What is needed: Reproduce the listing below from the line with "ハロウィン スカル フェイスカバー" to the line with "Original y divertido", both lines included, character for character, minus any pictures.
BEGIN Material for this task
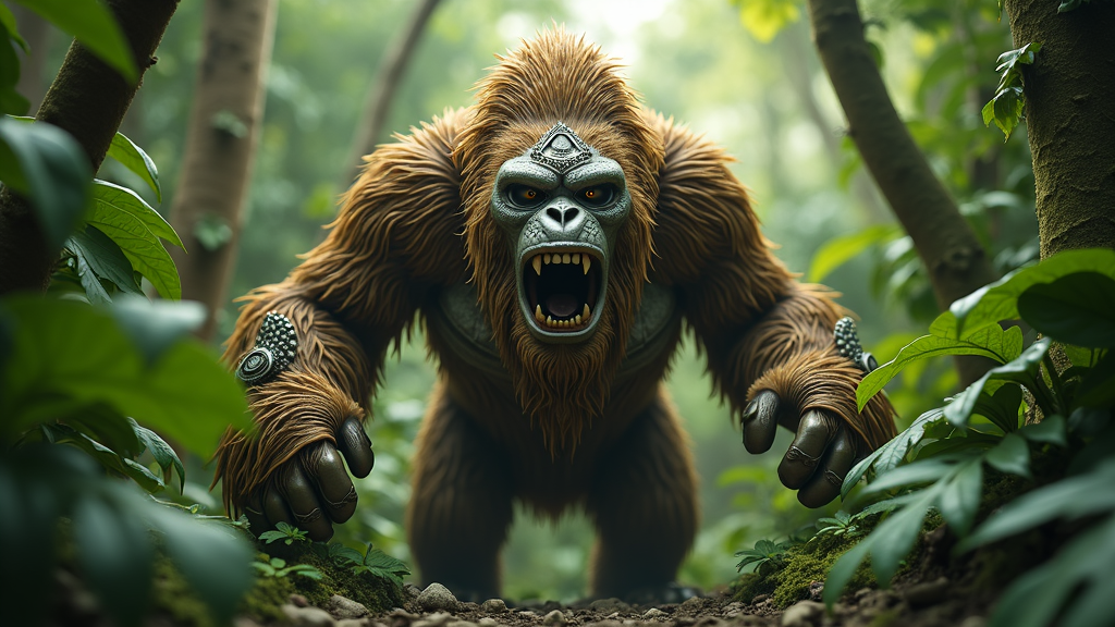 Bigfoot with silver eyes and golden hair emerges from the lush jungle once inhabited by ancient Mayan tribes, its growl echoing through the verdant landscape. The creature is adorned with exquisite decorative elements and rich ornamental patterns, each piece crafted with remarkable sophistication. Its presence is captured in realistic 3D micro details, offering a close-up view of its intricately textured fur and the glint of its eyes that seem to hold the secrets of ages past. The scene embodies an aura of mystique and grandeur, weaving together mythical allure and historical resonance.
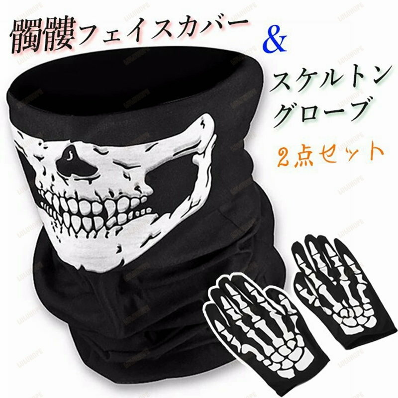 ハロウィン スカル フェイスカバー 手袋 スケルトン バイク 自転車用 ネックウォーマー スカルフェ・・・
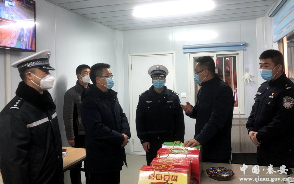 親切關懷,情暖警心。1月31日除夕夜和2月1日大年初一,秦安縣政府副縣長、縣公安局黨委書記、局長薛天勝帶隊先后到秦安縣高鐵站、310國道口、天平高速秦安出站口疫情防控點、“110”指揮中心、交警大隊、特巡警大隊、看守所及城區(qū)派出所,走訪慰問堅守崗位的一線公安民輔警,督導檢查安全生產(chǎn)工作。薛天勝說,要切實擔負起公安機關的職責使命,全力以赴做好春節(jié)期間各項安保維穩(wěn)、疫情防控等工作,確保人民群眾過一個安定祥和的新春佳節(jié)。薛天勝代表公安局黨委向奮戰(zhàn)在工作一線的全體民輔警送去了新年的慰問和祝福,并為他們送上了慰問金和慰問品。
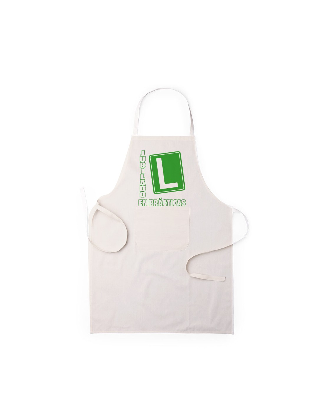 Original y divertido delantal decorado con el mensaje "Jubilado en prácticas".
END Material for this task
BEGIN Material for this task
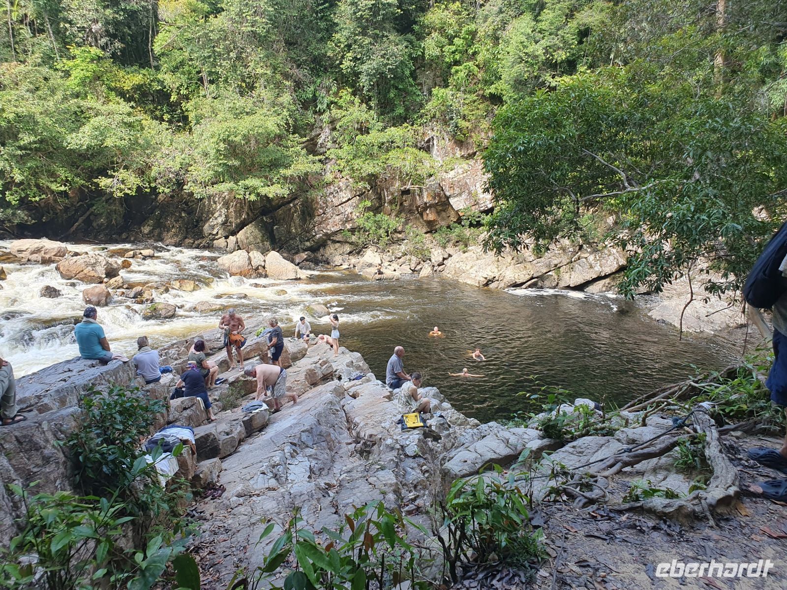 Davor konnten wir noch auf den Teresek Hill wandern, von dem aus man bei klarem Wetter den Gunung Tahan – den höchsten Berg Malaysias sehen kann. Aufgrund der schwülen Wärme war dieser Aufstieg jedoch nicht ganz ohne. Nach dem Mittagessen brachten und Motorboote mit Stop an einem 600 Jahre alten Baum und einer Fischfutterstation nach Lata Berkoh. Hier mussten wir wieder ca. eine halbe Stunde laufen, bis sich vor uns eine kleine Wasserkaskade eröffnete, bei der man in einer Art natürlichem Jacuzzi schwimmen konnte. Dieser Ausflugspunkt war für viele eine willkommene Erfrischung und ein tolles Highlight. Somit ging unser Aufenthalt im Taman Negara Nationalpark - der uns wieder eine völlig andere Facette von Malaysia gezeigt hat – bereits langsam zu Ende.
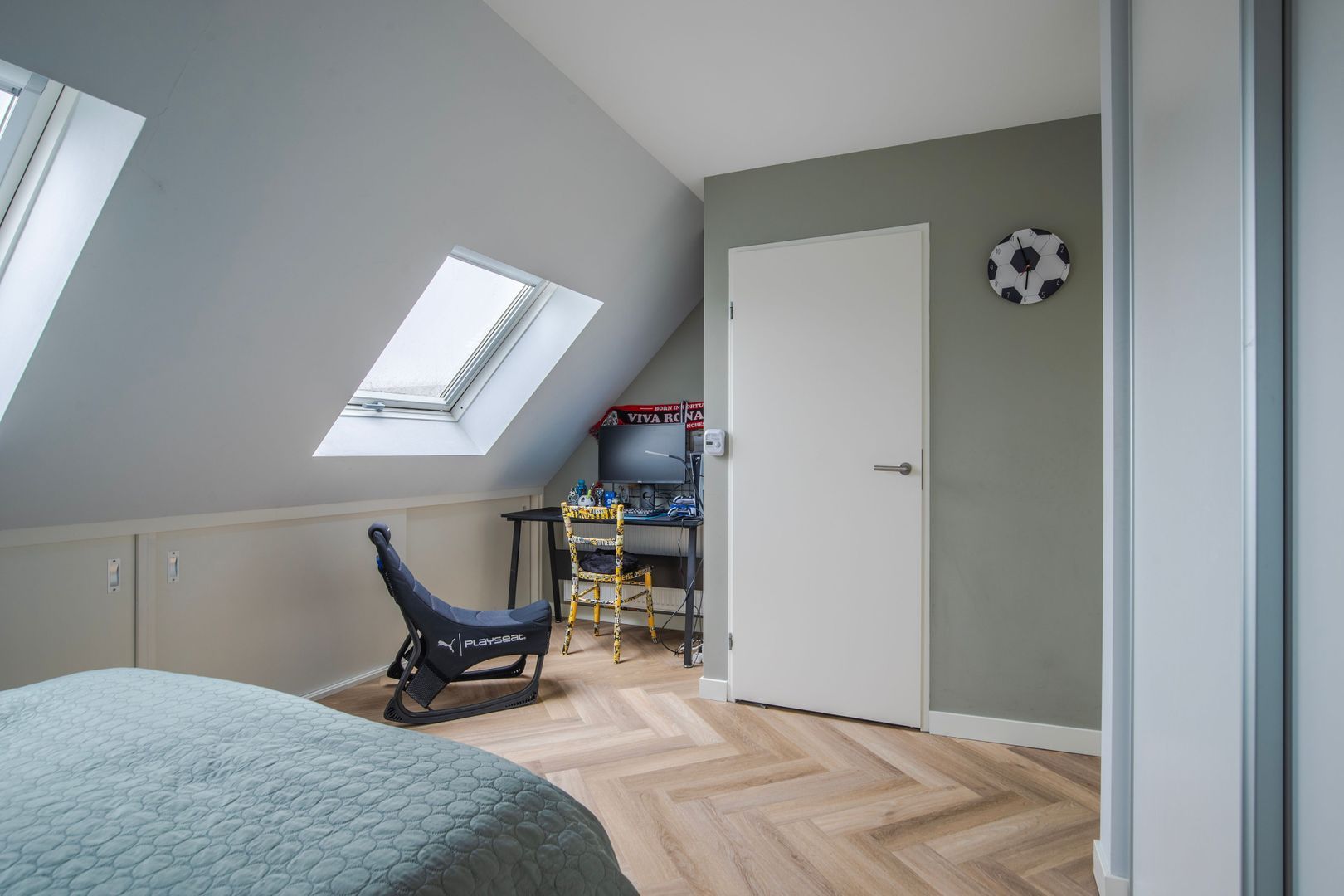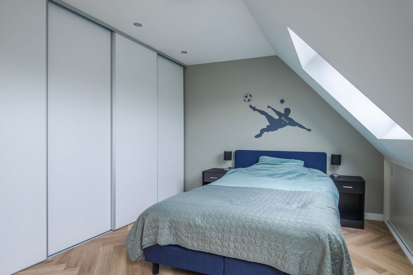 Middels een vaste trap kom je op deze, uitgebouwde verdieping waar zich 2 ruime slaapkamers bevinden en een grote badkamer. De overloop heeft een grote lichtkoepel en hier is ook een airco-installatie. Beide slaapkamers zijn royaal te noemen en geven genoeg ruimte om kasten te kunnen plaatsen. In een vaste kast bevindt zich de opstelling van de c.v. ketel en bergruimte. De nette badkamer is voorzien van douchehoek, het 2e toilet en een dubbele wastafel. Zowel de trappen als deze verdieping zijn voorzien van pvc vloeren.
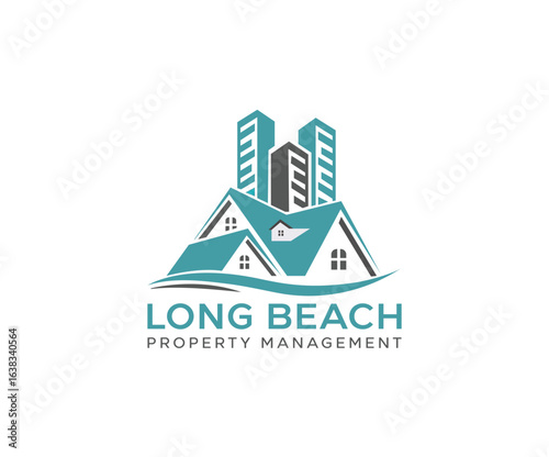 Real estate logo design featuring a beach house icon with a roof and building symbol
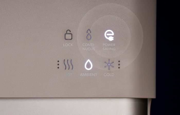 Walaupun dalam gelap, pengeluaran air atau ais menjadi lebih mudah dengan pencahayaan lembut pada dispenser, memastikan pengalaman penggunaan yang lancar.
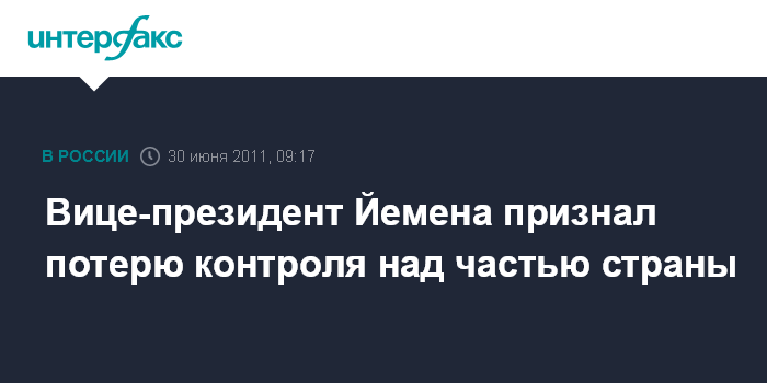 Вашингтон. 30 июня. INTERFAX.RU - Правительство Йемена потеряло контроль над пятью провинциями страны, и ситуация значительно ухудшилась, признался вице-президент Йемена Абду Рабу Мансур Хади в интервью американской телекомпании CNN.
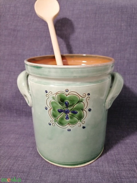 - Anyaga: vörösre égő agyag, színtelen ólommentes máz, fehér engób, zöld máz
END Material for this task
BEGIN Material for this task
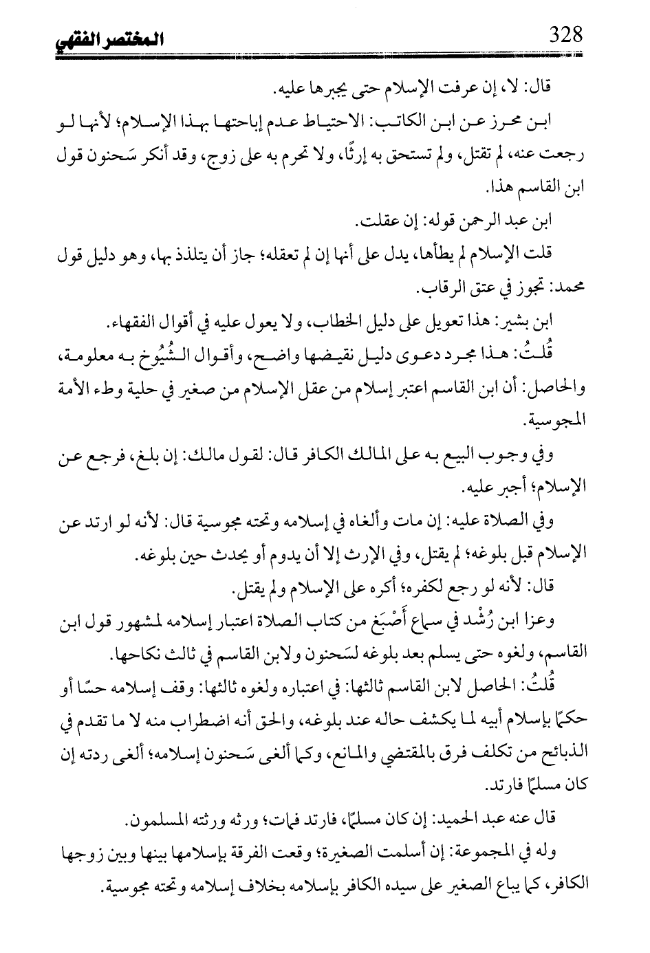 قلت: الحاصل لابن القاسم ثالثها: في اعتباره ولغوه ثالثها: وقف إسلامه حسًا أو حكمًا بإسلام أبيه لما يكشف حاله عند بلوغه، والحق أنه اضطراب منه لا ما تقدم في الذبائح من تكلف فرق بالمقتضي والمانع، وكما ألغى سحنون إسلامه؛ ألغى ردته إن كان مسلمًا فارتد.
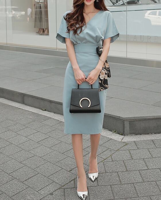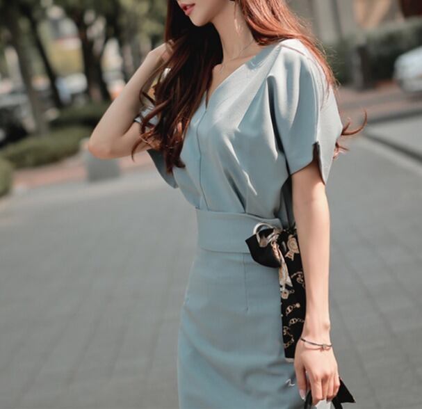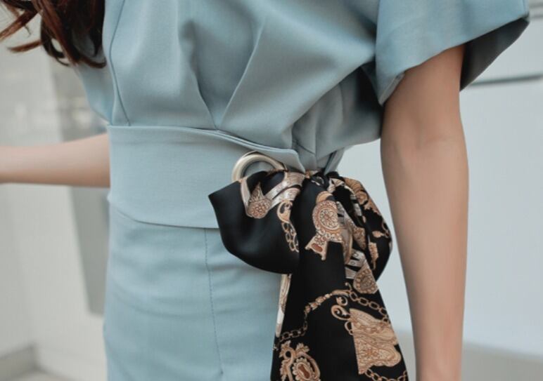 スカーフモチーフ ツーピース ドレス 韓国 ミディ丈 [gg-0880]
END Material for this task
Answer below:
 ハロウィン スカル フェイスカバー 手袋 スケルトン バイク 自転車用 ネックウォーマー スカルフェ・・・
 親切關懷,情暖警心。1月31日除夕夜和2月1日大年初一,秦安縣政府副縣長、縣公安局黨委書記、局長薛天勝帶隊先后到秦安縣高鐵站、310國道口、天平高速秦安出站口疫情防控點、“110”指揮中心、交警大隊、特巡警大隊、看守所及城區(qū)派出所,走訪慰問堅守崗位的一線公安民輔警,督導檢查安全生產(chǎn)工作。薛天勝說,要切實擔負起公安機關的職責使命,全力以赴做好春節(jié)期間各項安保維穩(wěn)、疫情防控等工作,確保人民群眾過一個安定祥和的新春佳節(jié)。薛天勝代表公安局黨委向奮戰(zhàn)在工作一線的全體民輔警送去了新年的慰問和祝福,并為他們送上了慰問金和慰問品。
 Original y divertido delantal decorado con el mensaje "Jubilado en prácticas".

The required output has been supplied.